*** Information provided

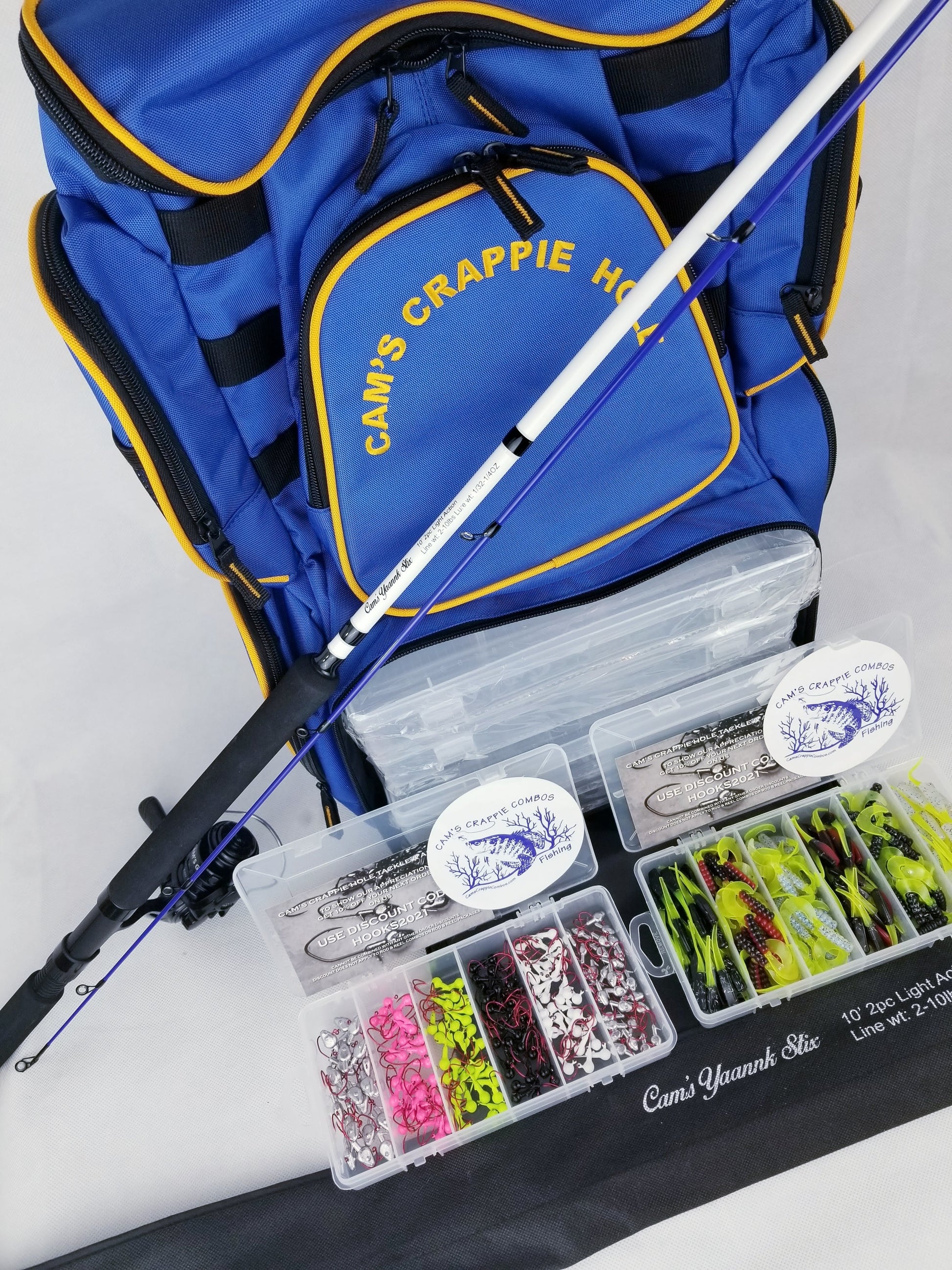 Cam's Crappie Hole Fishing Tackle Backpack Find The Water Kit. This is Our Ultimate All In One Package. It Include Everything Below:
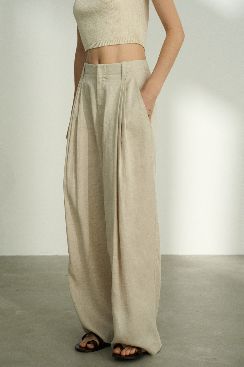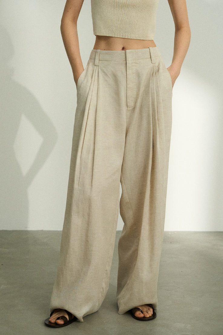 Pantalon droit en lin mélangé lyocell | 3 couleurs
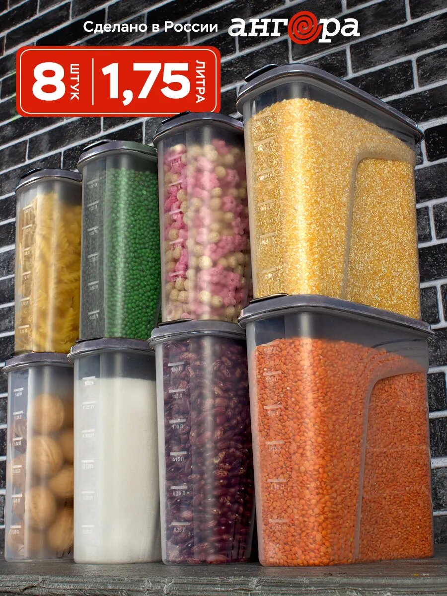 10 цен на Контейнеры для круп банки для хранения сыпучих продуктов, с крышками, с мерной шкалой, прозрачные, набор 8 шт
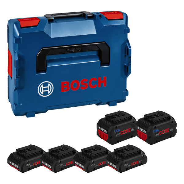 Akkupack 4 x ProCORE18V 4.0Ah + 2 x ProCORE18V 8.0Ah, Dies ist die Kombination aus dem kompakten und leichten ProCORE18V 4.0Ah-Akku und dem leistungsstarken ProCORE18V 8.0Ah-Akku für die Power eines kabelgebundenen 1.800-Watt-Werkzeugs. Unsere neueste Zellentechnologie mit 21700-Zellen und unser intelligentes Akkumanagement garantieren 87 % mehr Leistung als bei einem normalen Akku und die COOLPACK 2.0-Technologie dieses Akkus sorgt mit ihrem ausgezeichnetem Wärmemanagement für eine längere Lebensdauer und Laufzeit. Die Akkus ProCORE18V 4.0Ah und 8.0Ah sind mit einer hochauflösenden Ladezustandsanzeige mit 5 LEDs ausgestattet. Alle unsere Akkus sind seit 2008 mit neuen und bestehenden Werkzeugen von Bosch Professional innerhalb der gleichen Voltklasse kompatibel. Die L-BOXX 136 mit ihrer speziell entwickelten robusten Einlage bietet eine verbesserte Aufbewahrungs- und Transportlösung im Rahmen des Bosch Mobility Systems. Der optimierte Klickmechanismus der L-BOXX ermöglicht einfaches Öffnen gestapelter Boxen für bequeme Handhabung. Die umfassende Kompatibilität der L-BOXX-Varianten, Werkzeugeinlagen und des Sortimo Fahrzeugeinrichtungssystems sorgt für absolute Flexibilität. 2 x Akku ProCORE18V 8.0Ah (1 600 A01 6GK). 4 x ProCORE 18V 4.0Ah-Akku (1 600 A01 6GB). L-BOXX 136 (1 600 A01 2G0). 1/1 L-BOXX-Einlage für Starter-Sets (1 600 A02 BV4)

******
*** Information provided

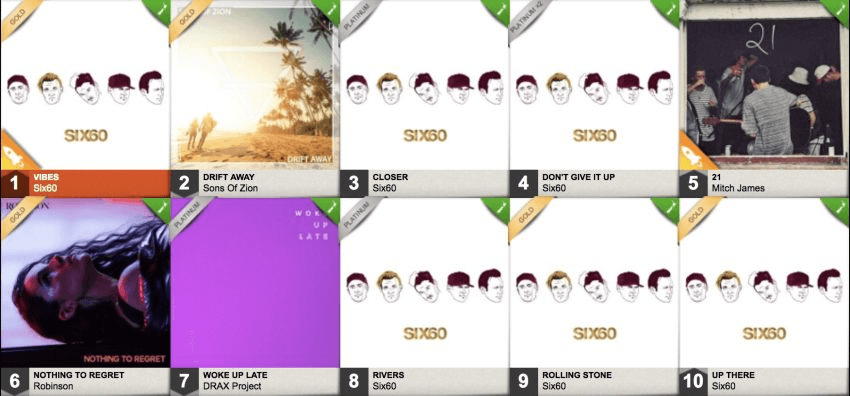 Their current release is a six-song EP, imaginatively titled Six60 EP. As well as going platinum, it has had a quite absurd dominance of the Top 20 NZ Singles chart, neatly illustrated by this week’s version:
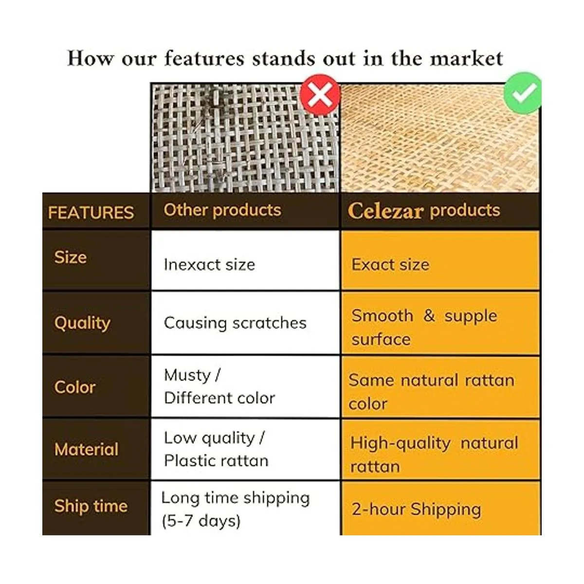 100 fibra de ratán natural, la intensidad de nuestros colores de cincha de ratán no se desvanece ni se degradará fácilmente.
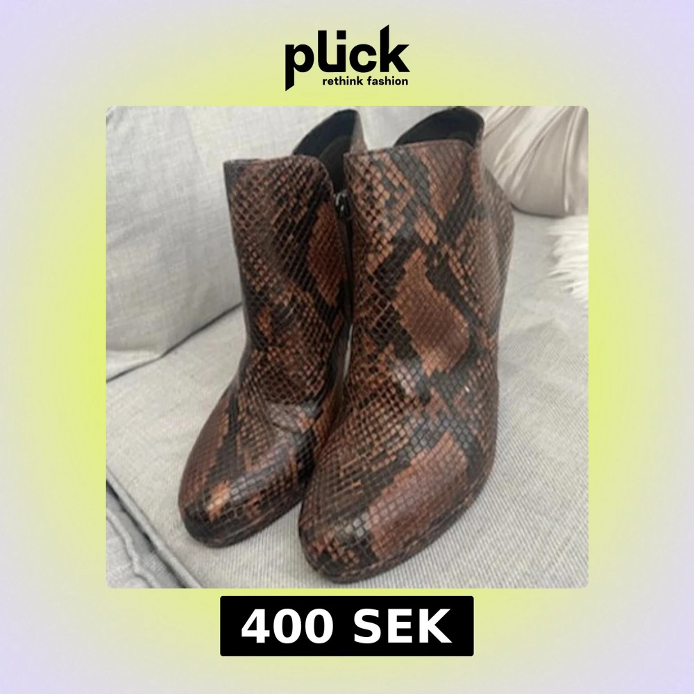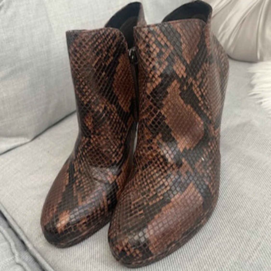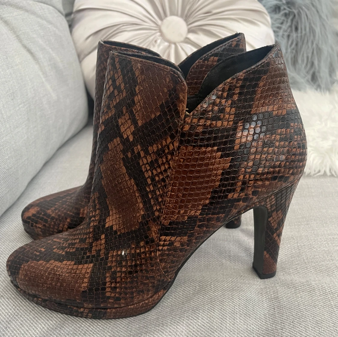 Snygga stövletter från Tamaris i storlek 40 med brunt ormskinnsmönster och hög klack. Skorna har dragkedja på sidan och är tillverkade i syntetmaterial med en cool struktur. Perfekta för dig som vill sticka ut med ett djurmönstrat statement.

******
*** Information provided

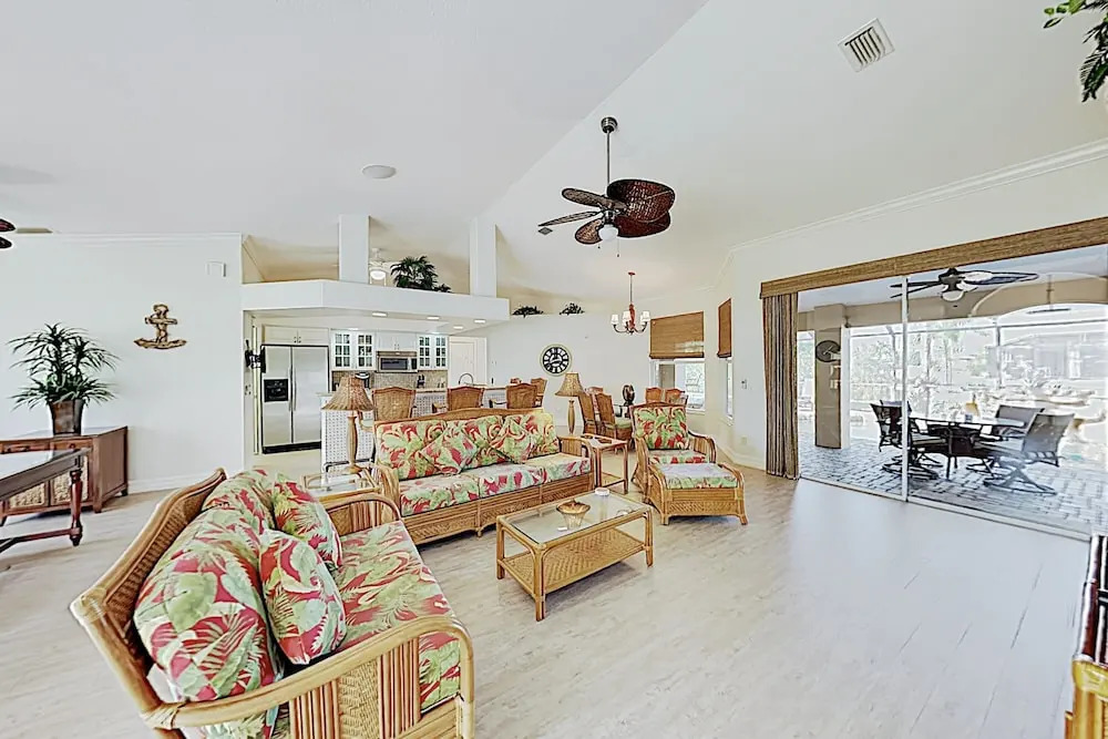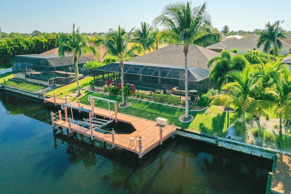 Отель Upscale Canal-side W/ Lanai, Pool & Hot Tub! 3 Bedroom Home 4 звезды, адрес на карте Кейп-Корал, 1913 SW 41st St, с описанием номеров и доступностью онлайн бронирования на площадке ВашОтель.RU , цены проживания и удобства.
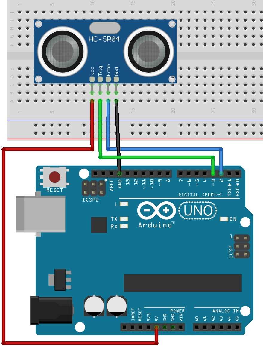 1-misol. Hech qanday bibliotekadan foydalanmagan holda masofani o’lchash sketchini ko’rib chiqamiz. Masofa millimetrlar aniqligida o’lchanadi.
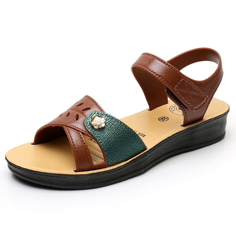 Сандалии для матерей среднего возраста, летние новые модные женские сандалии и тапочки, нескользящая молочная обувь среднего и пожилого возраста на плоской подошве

******

From the records above, copy only the lines running from the line holding "100 fibra de" through the line holding "Snygga stövletter från", with no pictures.

 100 fibra de ratán natural, la intensidad de nuestros colores de cincha de ratán no se desvanece ni se degradará fácilmente.
 Snygga stövletter från Tamaris i storlek 40 med brunt ormskinnsmönster och hög klack. Skorna har dragkedja på sidan och är tillverkade i syntetmaterial med en cool struktur. Perfekta för dig som vill sticka ut med ett djurmönstrat statement.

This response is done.